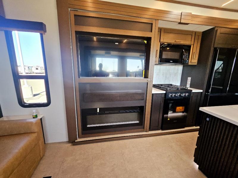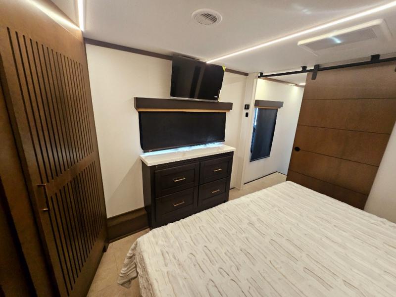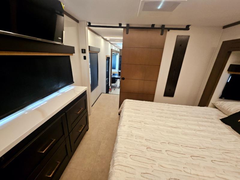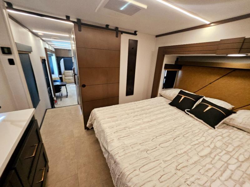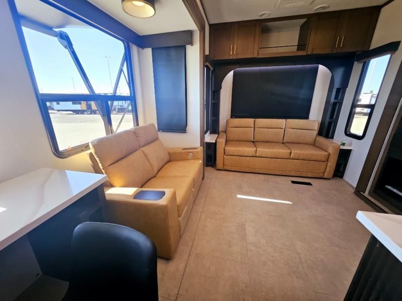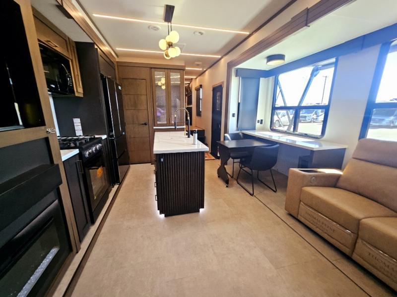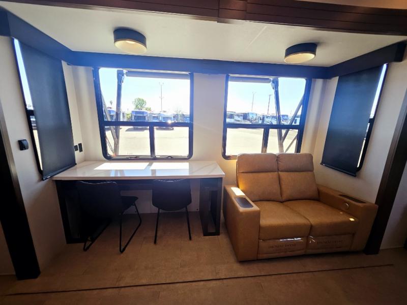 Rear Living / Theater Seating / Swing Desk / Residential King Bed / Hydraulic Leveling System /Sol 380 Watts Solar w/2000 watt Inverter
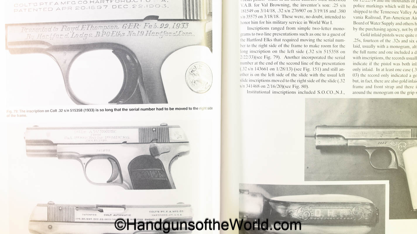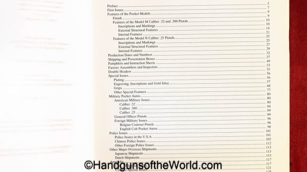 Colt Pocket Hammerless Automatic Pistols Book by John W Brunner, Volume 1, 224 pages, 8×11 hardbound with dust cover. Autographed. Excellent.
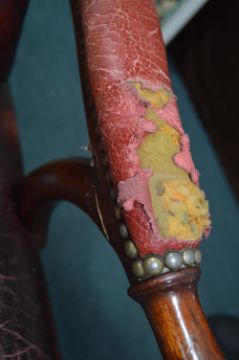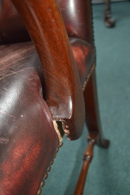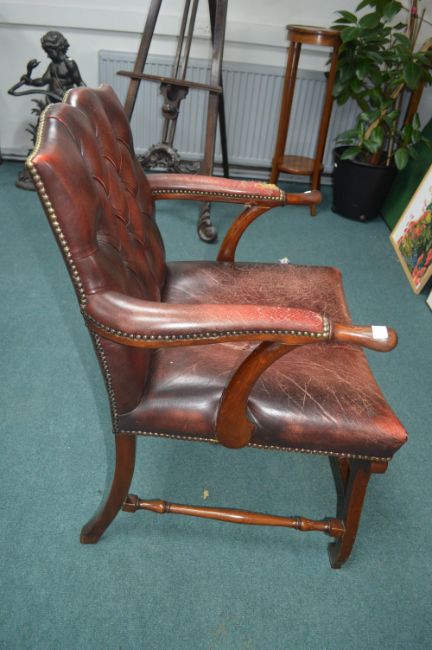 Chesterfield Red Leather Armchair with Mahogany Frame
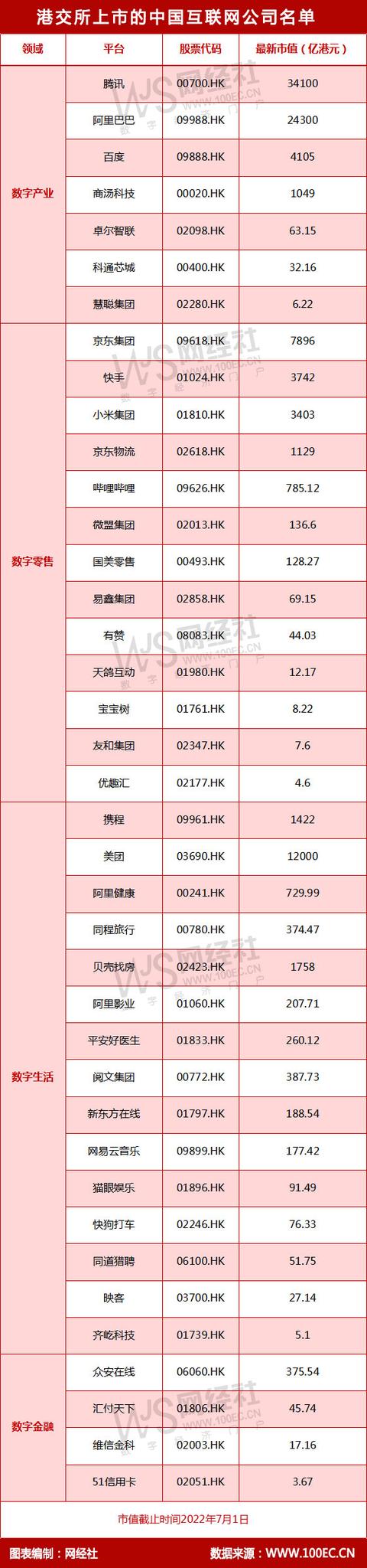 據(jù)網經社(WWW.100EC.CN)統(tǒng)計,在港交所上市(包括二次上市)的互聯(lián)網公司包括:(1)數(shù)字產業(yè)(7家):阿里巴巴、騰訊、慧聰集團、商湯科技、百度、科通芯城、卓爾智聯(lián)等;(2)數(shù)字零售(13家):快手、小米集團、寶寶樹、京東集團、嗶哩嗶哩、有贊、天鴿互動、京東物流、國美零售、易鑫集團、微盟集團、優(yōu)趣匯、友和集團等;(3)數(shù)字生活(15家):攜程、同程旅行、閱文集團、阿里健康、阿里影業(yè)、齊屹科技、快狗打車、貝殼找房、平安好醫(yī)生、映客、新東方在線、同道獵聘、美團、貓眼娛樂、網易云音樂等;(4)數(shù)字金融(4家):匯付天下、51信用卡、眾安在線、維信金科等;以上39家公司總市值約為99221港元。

--

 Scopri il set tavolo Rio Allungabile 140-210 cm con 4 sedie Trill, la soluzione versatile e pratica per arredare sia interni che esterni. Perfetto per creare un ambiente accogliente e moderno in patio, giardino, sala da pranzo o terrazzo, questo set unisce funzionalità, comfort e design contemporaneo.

...

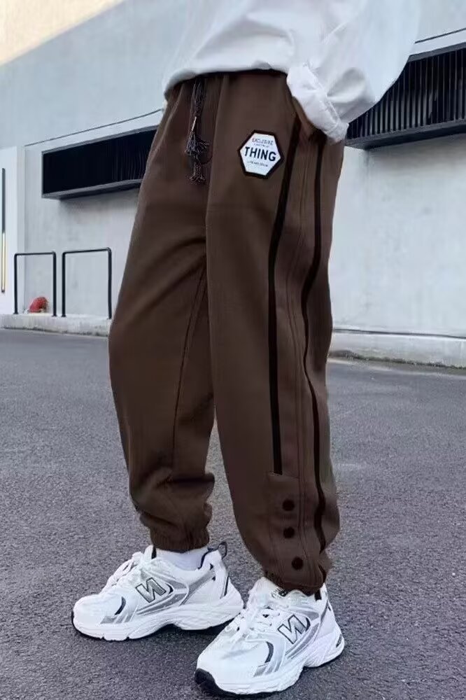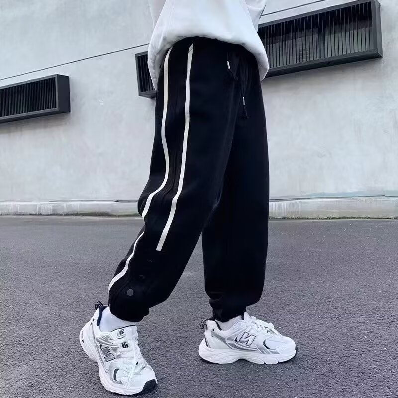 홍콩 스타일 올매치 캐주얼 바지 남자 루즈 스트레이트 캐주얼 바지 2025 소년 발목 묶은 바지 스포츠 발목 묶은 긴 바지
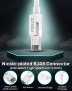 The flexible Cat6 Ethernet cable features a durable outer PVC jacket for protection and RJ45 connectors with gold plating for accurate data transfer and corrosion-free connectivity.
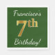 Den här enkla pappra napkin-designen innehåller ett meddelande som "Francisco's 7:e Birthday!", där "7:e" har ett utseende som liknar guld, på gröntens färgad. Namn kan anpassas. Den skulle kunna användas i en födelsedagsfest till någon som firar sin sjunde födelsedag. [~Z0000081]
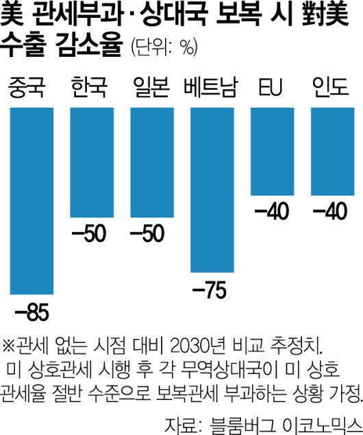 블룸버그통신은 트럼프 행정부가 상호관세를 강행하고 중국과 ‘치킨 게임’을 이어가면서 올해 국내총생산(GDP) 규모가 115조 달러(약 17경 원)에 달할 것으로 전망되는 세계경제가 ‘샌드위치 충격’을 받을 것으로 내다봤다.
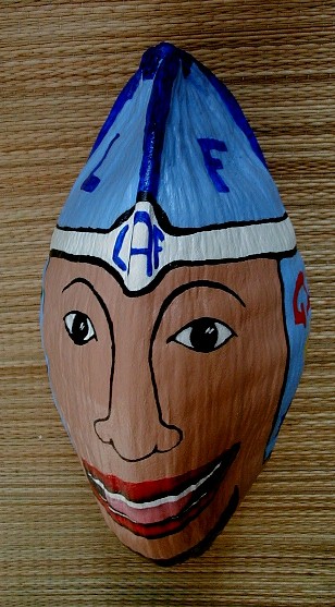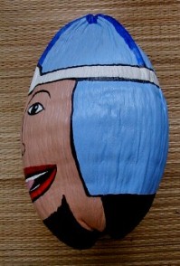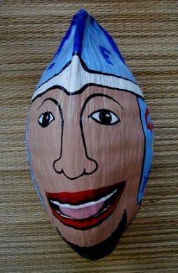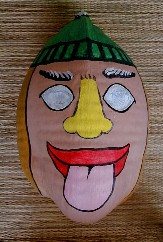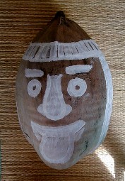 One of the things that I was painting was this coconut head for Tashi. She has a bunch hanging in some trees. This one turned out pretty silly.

## PROBLEM
Respond with the exact lines above running from the one containing "The flexible Cat6" to the one containing "블룸버그통신은 트럼프 행정부가", both ends kept and no pictures included.

## TASK ANSWER
 The flexible Cat6 Ethernet cable features a durable outer PVC jacket for protection and RJ45 connectors with gold plating for accurate data transfer and corrosion-free connectivity.
 Den här enkla pappra napkin-designen innehåller ett meddelande som "Francisco's 7:e Birthday!", där "7:e" har ett utseende som liknar guld, på gröntens färgad. Namn kan anpassas. Den skulle kunna användas i en födelsedagsfest till någon som firar sin sjunde födelsedag. [~Z0000081]
 블룸버그통신은 트럼프 행정부가 상호관세를 강행하고 중국과 ‘치킨 게임’을 이어가면서 올해 국내총생산(GDP) 규모가 115조 달러(약 17경 원)에 달할 것으로 전망되는 세계경제가 ‘샌드위치 충격’을 받을 것으로 내다봤다.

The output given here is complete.